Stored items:
******

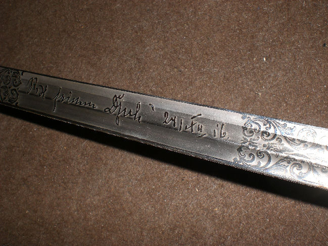 Eventuell, hat die " 25 " u. Inschrift eine doppelte Bedeutung, dienstliches Jubiläum, die " 25 " mit grünem Untergrund, auf einem Eichenblatt. Weihnachtsgeschenk,in Verbindung mit der Klingeninschrift, " Six seinem Dju(h) li " ? 24/XII 16. Das Eichenblatt, ein möglicher Hinweis auf ein Jäger - Regiment ?! Kein Hersteller. Gesamtlänge 91 cm. Klinge 74 cm. Klingenbr. 2.3 cm. Scheide, mit einem Band, einer Öse, einem Ring. Vielleicht, wurde diese sehr " persönliche " Anrede ( Six / Dju(h)li ) schon einmal, militärisch vergleichbar erwähnt... Gruß sonjar
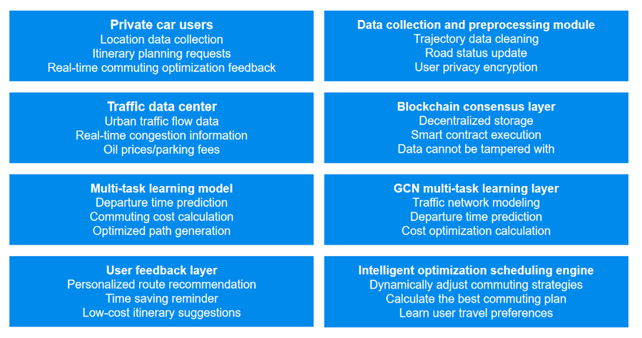 在系统架构方面,该模型主要包括三个关键模块,数据采集与隐私保护模块、区块链共识机制、智能通勤优化引擎。
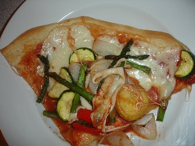 I did this Saturday night. I used red bell peppers, asparagus, onions, squash, and zucchini. I cut the veggies, loaded them into a bag with the canola oil and some minced garlic. As you will see, I used a basket on the grill. I think this basket is actually for cooking fish or chicken, but I used it. It was getting dark out, and this really helped. I then did the pizza in the oven, on a stone. It was great. I wish I had cooked it a tad bit longer in the oven. It wasn't soggy, but it was soft. But it was also late, and I was hungry. I had leftover veggies that I ate on the side, and I also had pizza to eat the next day.  Samboobree, brought to life by Arkie
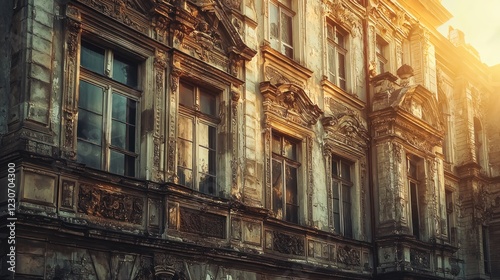 building, architecture, old, antique, vintage, city, urban, facades, window, stone, wall, sunset, sun, light, gold, detail, ornate, decor, design, historic, historical, exterior, structure, classic, elegant, decay, worn, aged, texture, surface, pattern, brown, yellow, grey, europa, travel, place, scene, view, summer, day, aesthetic, retro, grime, weathering, damage, crumbling, ruin, historical building
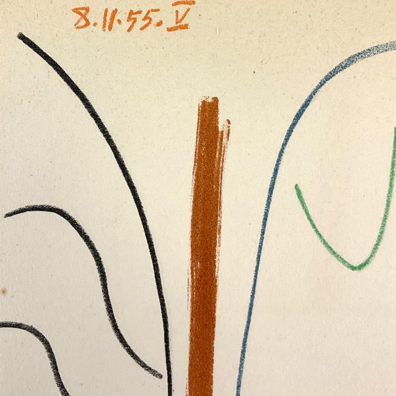 "Carnet de Californie 8.11.55-V" is a vintage lithograph on paper by Pablo Picasso (1881-1973). This piece is from Picasso's Carnet de Californie Series and was printed in Paris, France by Mourlot Studios in 1959. This piece comes framed. Includes Letter of Authenticity. Measures approx. 18.5" x 24.5" (frame), 10.5" x 16.5" (image). This item requires special handling and may have a longer than usual turnaround.
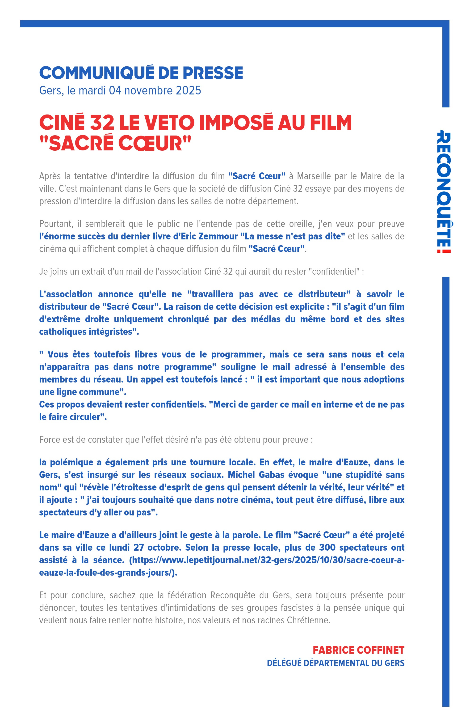 Le maire d'Eauze a d'ailleurs joint le geste à la parole. Le film "Sacré Cœur" a été projeté dans sa ville ce lundi 27 octobre. Selon la presse locale, plus de 300 spectateurs ont assisté à la séance. (https://www.lepetitjournal.net/32-gers/2025/10/30/sacre-coeur-a-eauze-la-foule-des-grands-jours/).
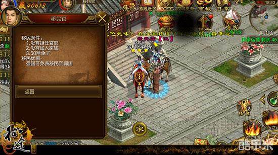转国的方法是在本国地图点击皇宫,然后在左上角的位置点击“移”,自动寻路或者飞过去。找到移民官,然后选择想要转的国家。不满足强国转弱国条件的,玩家需要准备好50两金子。
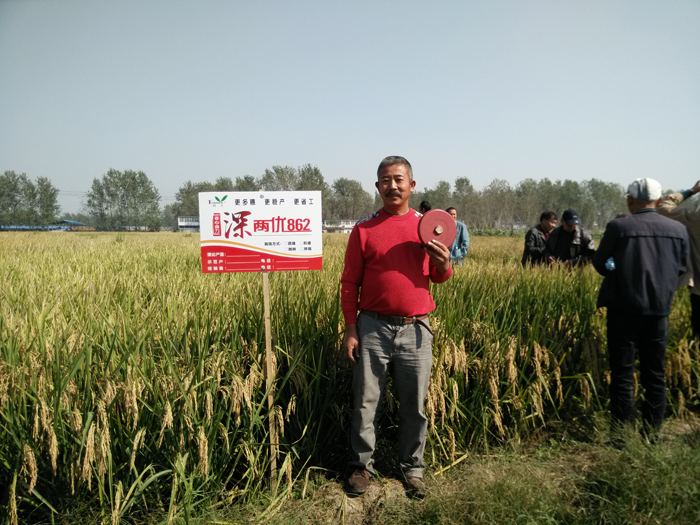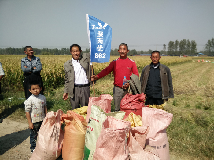 2015年10月11日中午,在安徽省六安市壽縣雙橋鎮馬方村,由江蘇明天種業科技有限公司和壽陽種業共同組織的100多人聚集于當地農戶李傳文家的深兩優862稻田觀摩測產。收割之前,看到稻田里一片片金燦燦的稻谷,每個人的臉上都洋溢著豐收的喜悅。
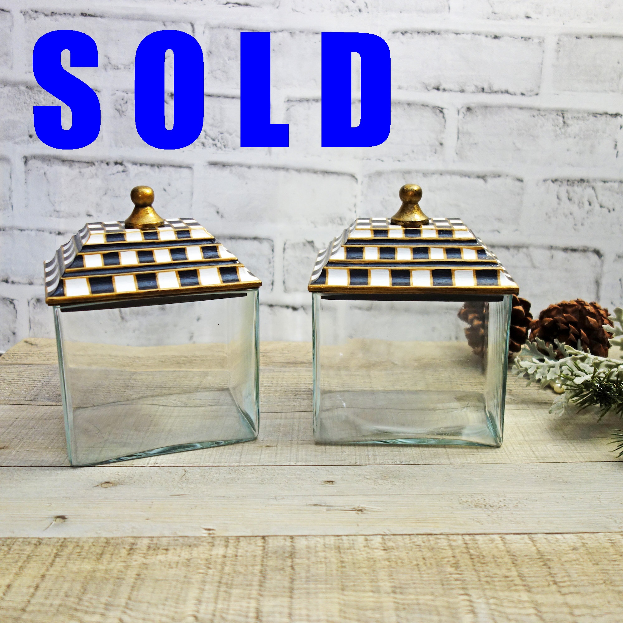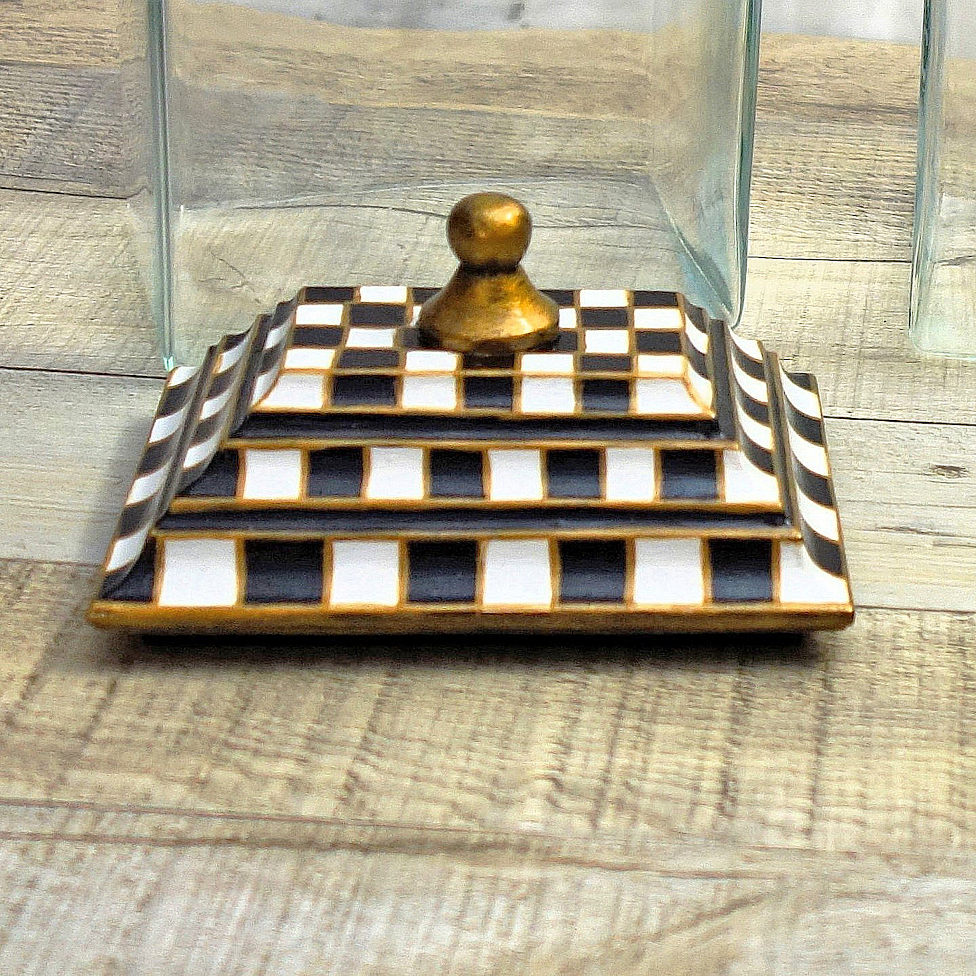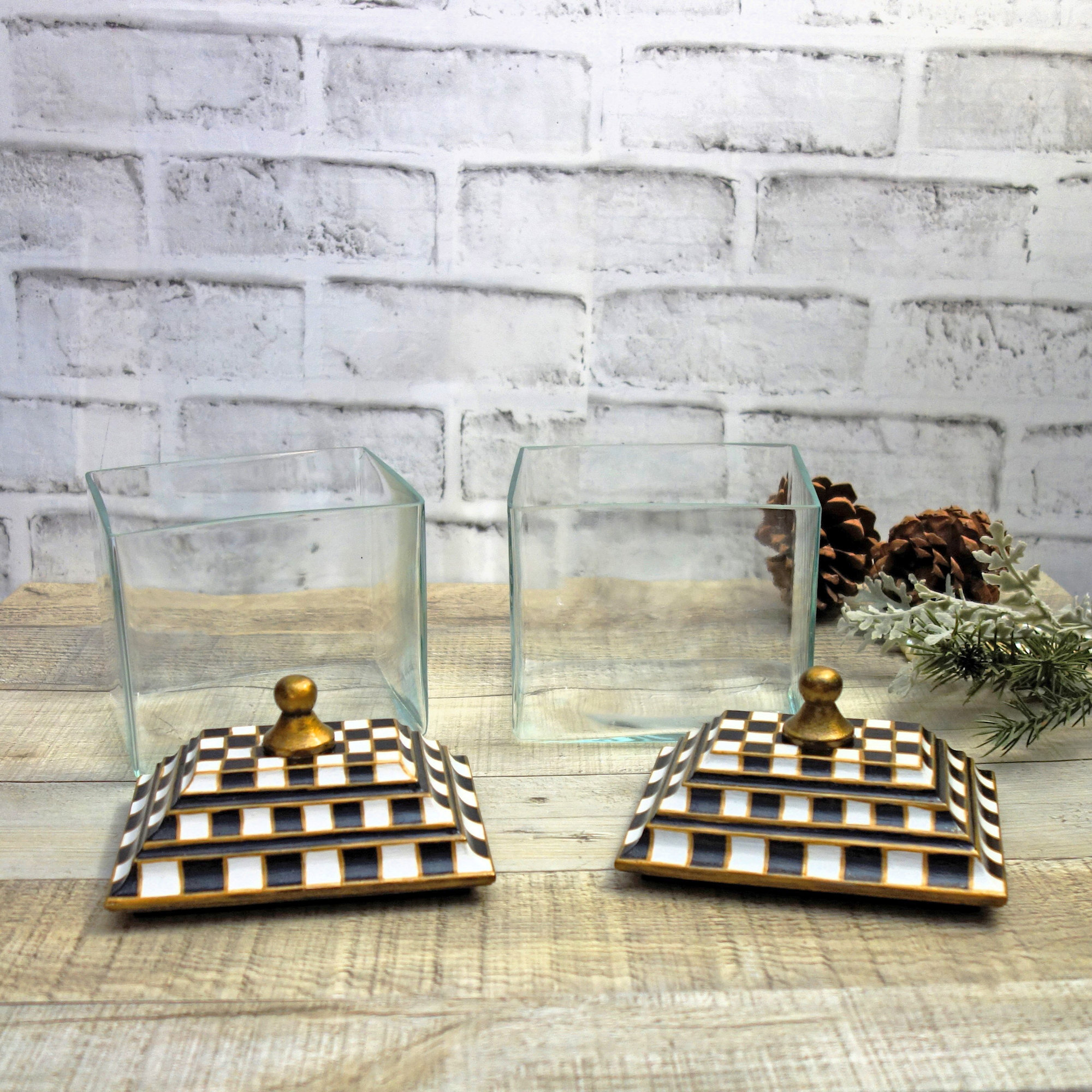 ARTISAN DETAILS The centerpiece of this rescue is the transformation of the solid bronze lids. I have hand-rendered my signature black and white checkered pattern across the metal surface, creating a bold, graphic contrast to the industrial warmth of the bronze. The thick, heavy-walled glass remains unpainted to showcase its beautiful vintage clarity and substantial presence.
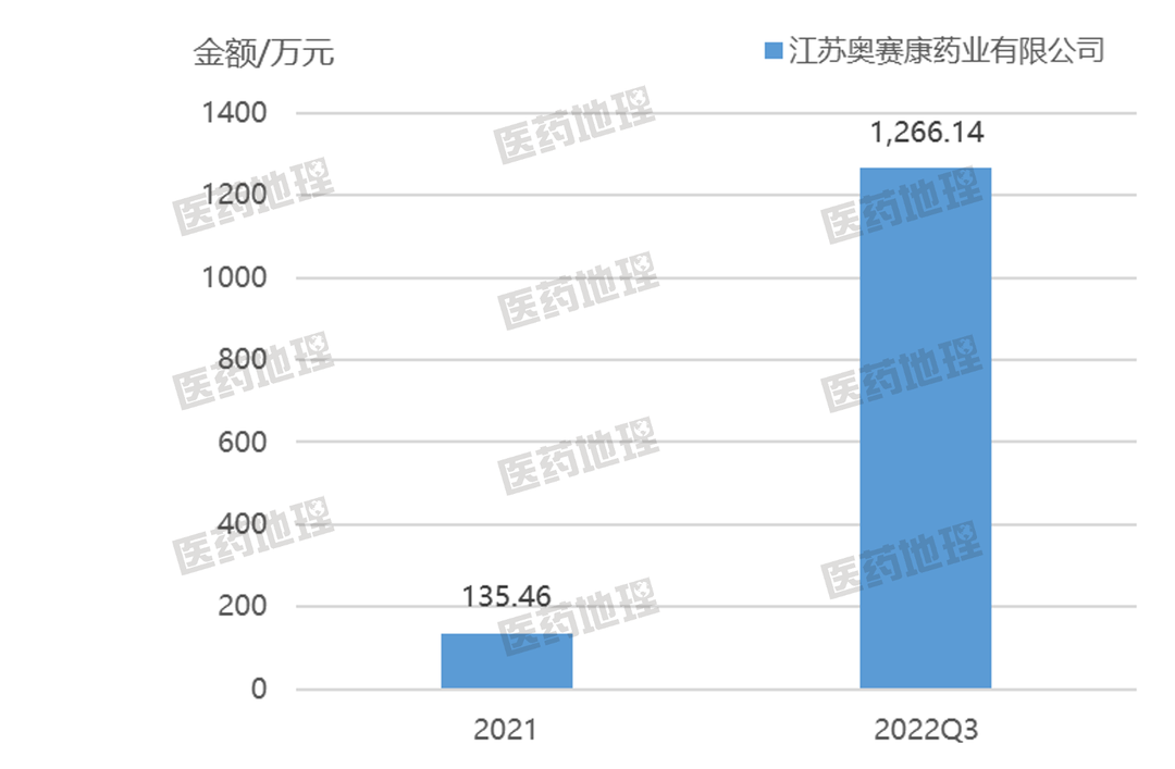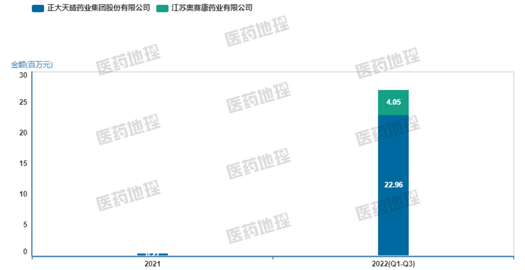 泊沙康唑注射液,医保支付标准为748.5元(16.7ml:0.3g),目前江苏奥赛康药业有限公司(2021.4.27获批)一枝独秀,2022年前三个季度销售额为1266.14万元。
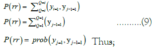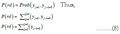 In contrast, Markov chain is a mathematical model that describes a sequence of events where the probability of the current rainfall event depends only on the state of the previous rain event and is best relate if in sequential order [65]. In order to estimate probability events occurrence of rainfall and dry spells as usually used in the analysis of daily rainfall, the first order Markov chain modeling approach was utilized in different studies, for example; extensively used in daily rainfall occurrence detection by Kottegoda et al. and Schoof et al. [66,67]. A rain condition is well-defined as a 24-hour period with the total quantity of rain. Otherwise, the state considered sunny. Rainfall occurrence is well described by the first-order Markov process as it is stochastic [68]. The assumptions based on main stochastic events is that, rainfall received for any given day follows a random distribution, only dependent on two scenarios that, the day is either dry (P(rd)) or rain (P(rr) ) as described by [65]. In the context of modelling, a first- order Markov chain can be used to describe a process where the distribution of the forthcoming state yn+1 depends only on the current state yn and doesn’t depend on the previous ones yn−1, yn−2…, y1. The characteristics of rainfall are well described by a sequence of dry (yi=0) or wet (yj=1) days in a given year (Q1) as defined by [8].

******

A faithful copy is needed: reproduce all of the data above, leaving the pictures out.

Response area:
 Eventuell, hat die " 25 " u. Inschrift eine doppelte Bedeutung, dienstliches Jubiläum, die " 25 " mit grünem Untergrund, auf einem Eichenblatt. Weihnachtsgeschenk,in Verbindung mit der Klingeninschrift, " Six seinem Dju(h) li " ? 24/XII 16. Das Eichenblatt, ein möglicher Hinweis auf ein Jäger - Regiment ?! Kein Hersteller. Gesamtlänge 91 cm. Klinge 74 cm. Klingenbr. 2.3 cm. Scheide, mit einem Band, einer Öse, einem Ring. Vielleicht, wurde diese sehr " persönliche " Anrede ( Six / Dju(h)li ) schon einmal, militärisch vergleichbar erwähnt... Gruß sonjar
 在系统架构方面,该模型主要包括三个关键模块,数据采集与隐私保护模块、区块链共识机制、智能通勤优化引擎。
 I did this Saturday night. I used red bell peppers, asparagus, onions, squash, and zucchini. I cut the veggies, loaded them into a bag with the canola oil and some minced garlic. As you will see, I used a basket on the grill. I think this basket is actually for cooking fish or chicken, but I used it. It was getting dark out, and this really helped. I then did the pizza in the oven, on a stone. It was great. I wish I had cooked it a tad bit longer in the oven. It wasn't soggy, but it was soft. But it was also late, and I was hungry. I had leftover veggies that I ate on the side, and I also had pizza to eat the next day.  Samboobree, brought to life by Arkie
 building, architecture, old, antique, vintage, city, urban, facades, window, stone, wall, sunset, sun, light, gold, detail, ornate, decor, design, historic, historical, exterior, structure, classic, elegant, decay, worn, aged, texture, surface, pattern, brown, yellow, grey, europa, travel, place, scene, view, summer, day, aesthetic, retro, grime, weathering, damage, crumbling, ruin, historical building
 "Carnet de Californie 8.11.55-V" is a vintage lithograph on paper by Pablo Picasso (1881-1973). This piece is from Picasso's Carnet de Californie Series and was printed in Paris, France by Mourlot Studios in 1959. This piece comes framed. Includes Letter of Authenticity. Measures approx. 18.5" x 24.5" (frame), 10.5" x 16.5" (image). This item requires special handling and may have a longer than usual turnaround.
 Le maire d'Eauze a d'ailleurs joint le geste à la parole. Le film "Sacré Cœur" a été projeté dans sa ville ce lundi 27 octobre. Selon la presse locale, plus de 300 spectateurs ont assisté à la séance. (https://www.lepetitjournal.net/32-gers/2025/10/30/sacre-coeur-a-eauze-la-foule-des-grands-jours/).
转国的方法是在本国地图点击皇宫,然后在左上角的位置点击“移”,自动寻路或者飞过去。找到移民官,然后选择想要转的国家。不满足强国转弱国条件的,玩家需要准备好50两金子。
 2015年10月11日中午,在安徽省六安市壽縣雙橋鎮馬方村,由江蘇明天種業科技有限公司和壽陽種業共同組織的100多人聚集于當地農戶李傳文家的深兩優862稻田觀摩測產。收割之前,看到稻田里一片片金燦燦的稻谷,每個人的臉上都洋溢著豐收的喜悅。
 ARTISAN DETAILS The centerpiece of this rescue is the transformation of the solid bronze lids. I have hand-rendered my signature black and white checkered pattern across the metal surface, creating a bold, graphic contrast to the industrial warmth of the bronze. The thick, heavy-walled glass remains unpainted to showcase its beautiful vintage clarity and substantial presence.
 泊沙康唑注射液,医保支付标准为748.5元(16.7ml:0.3g),目前江苏奥赛康药业有限公司(2021.4.27获批)一枝独秀,2022年前三个季度销售额为1266.14万元。
 In contrast, Markov chain is a mathematical model that describes a sequence of events where the probability of the current rainfall event depends only on the state of the previous rain event and is best relate if in sequential order [65]. In order to estimate probability events occurrence of rainfall and dry spells as usually used in the analysis of daily rainfall, the first order Markov chain modeling approach was utilized in different studies, for example; extensively used in daily rainfall occurrence detection by Kottegoda et al. and Schoof et al. [66,67]. A rain condition is well-defined as a 24-hour period with the total quantity of rain. Otherwise, the state considered sunny. Rainfall occurrence is well described by the first-order Markov process as it is stochastic [68]. The assumptions based on main stochastic events is that, rainfall received for any given day follows a random distribution, only dependent on two scenarios that, the day is either dry (P(rd)) or rain (P(rr) ) as described by [65]. In the context of modelling, a first- order Markov chain can be used to describe a process where the distribution of the forthcoming state yn+1 depends only on the current state yn and doesn’t depend on the previous ones yn−1, yn−2…, y1. The characteristics of rainfall are well described by a sequence of dry (yi=0) or wet (yj=1) days in a given year (Q1) as defined by [8].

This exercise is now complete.